H⁰(M) is the space of smooth functions f on M satisfying df = 0. For a connected manifold, what is H⁰(M)?
AThe zero vector space
Bℝ (the constant functions)
CC∞(M) (all smooth functions)
Dℝⁿ where n = dim(M)
A function f with df = 0 has zero derivative everywhere, hence is locally constant. On a connected manifold, locally constant functions are globally constant. So H⁰(M) = {constant functions} ≅ ℝ. For a manifold with k connected components, H⁰(M) ≅ ℝᵏ — one constant for each component. This is the simplest example of how de Rham cohomology encodes topology.
Question 2 True / False
The Poincaré lemma states that on a contractible open set U, every closed form is exact: Hᵏ(U) = 0 for k ≥ 1. This means de Rham cohomology is a global invariant, not a local one.
TTrue
FFalse
Answer: True
Locally (on any sufficiently small open ball), there are no nontrivial cohomology classes — every closed form can be written as dα. Nontrivial cohomology arises only from the global topology of M. For instance, the 1-form dθ on S¹ is closed but not exact (its integral around S¹ is 2π ≠ 0), and this reflects the nontrivial topology of the circle (it has a hole). The Poincaré lemma means de Rham cohomology is entirely a global phenomenon.
Question 3 Short Answer
The de Rham theorem establishes that the de Rham cohomology H*_dR(M) is isomorphic to which other cohomology theory?

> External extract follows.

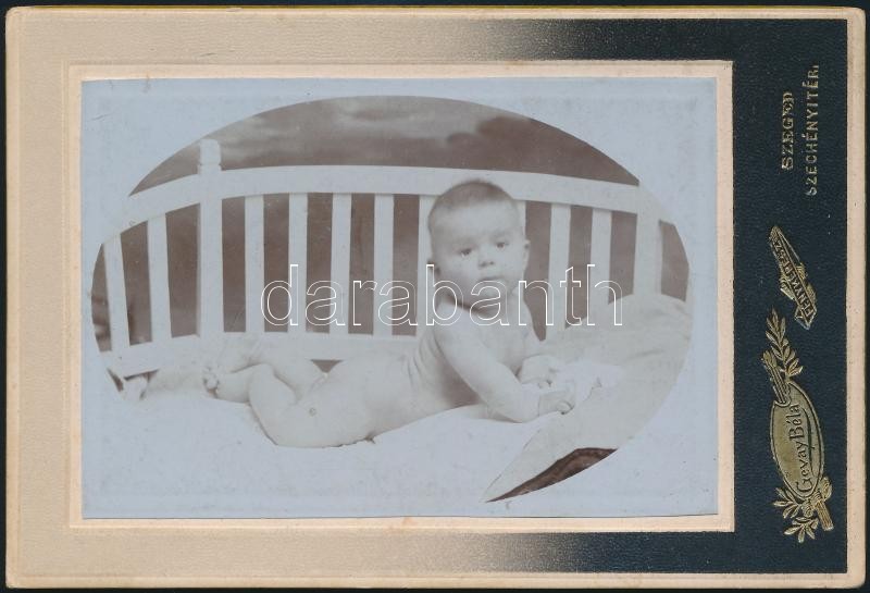Beschreibung: 1912 Győr, Baba műtermi fotója, keményhátú fotó Gevay Béla műterméből, hátoldalon a műterem képével, 13x10 cm
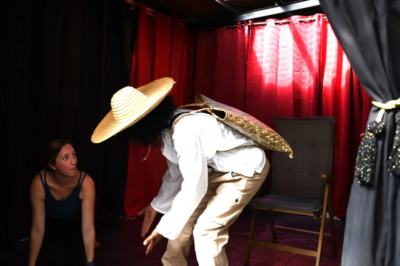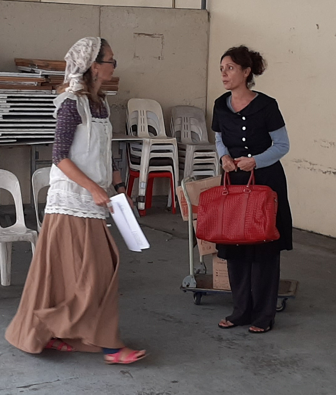 Nous voilà à nouveau réunis (Céline, Sylvie, Alfred et Vincent) sur le lieu de répétition. Avec cette fois-ci, quelques décors et costumes supplémentaires pour l'acte 1 de notre projet de théâtre en cours.

Think about your answer, then reveal below.
Model answer: The singular cohomology H*_sing(M; ℝ) with real coefficients. The isomorphism is given by the integration pairing: a closed k-form ω and a singular k-cycle σ pair to give the number ∫_σ ω. Stokes' theorem ensures this pairing is well-defined on cohomology and homology classes. The de Rham theorem says this pairing is a perfect pairing, establishing an isomorphism H^k_dR(M) ≅ H^k_sing(M; ℝ). This means topological invariants (Betti numbers, cup products) can be computed using differential forms.
The de Rham theorem is remarkable because it equates a construction from analysis (differential forms, exterior derivative) with a construction from algebraic topology (singular chains, boundary operator). It implies that the Betti numbers bₖ = dim Hᵏ(M) are finite for compact manifolds and satisfy Poincaré duality. The theorem justifies using differential forms as a computational tool for topology.
Question 4 True / False
For the n-torus Tⁿ = (S¹)ⁿ, the de Rham cohomology is Hᵏ(Tⁿ) ≅ ℝ^{C(n,k)}, where C(n,k) is the binomial coefficient.
TTrue
FFalse
Answer: True
The n-torus has coordinates (θ₁,...,θₙ), and the closed forms dθ_{i₁} ∧ ... ∧ dθ_{iₖ} for i₁ < ... < iₖ represent a basis for Hᵏ(Tⁿ). There are C(n,k) such forms, so dim Hᵏ(Tⁿ) = C(n,k). The total dimension Σ_k dim Hᵏ = Σ_k C(n,k) = 2ⁿ, and the Euler characteristic χ = Σ(-1)ᵏ C(n,k) = 0 for n ≥ 1. The Künneth formula (cohomology of a product is the tensor product of cohomologies) makes this computation systematic.